Extract from the entries below, exactly as given, only the lines from the line containing "Tesouro Direto Com" to the line containing "поле Адрес внешнего", both lines included.

Provided data
------------

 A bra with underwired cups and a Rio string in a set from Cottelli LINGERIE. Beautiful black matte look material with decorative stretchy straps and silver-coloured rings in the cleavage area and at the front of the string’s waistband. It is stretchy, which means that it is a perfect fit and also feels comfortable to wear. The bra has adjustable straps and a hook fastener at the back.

------------

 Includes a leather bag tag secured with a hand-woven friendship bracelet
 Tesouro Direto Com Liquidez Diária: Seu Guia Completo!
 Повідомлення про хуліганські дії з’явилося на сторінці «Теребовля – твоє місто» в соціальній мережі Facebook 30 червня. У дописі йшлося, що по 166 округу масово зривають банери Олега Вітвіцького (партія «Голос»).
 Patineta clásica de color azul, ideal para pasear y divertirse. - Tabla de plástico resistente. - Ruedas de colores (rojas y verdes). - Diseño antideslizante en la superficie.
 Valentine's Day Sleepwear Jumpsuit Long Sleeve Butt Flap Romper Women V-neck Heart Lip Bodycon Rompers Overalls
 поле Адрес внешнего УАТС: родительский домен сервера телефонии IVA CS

------------

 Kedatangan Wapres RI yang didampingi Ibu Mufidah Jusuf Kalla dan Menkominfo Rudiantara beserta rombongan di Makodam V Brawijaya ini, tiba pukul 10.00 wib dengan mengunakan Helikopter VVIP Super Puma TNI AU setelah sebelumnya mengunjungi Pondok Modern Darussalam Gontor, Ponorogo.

------------

Result of this task
 Tesouro Direto Com Liquidez Diária: Seu Guia Completo!
 Повідомлення про хуліганські дії з’явилося на сторінці «Теребовля – твоє місто» в соціальній мережі Facebook 30 червня. У дописі йшлося, що по 166 округу масово зривають банери Олега Вітвіцького (партія «Голос»).
 Patineta clásica de color azul, ideal para pasear y divertirse. - Tabla de plástico resistente. - Ruedas de colores (rojas y verdes). - Diseño antideslizante en la superficie.
 Valentine's Day Sleepwear Jumpsuit Long Sleeve Butt Flap Romper Women V-neck Heart Lip Bodycon Rompers Overalls
 поле Адрес внешнего УАТС: родительский домен сервера телефонии IVA CS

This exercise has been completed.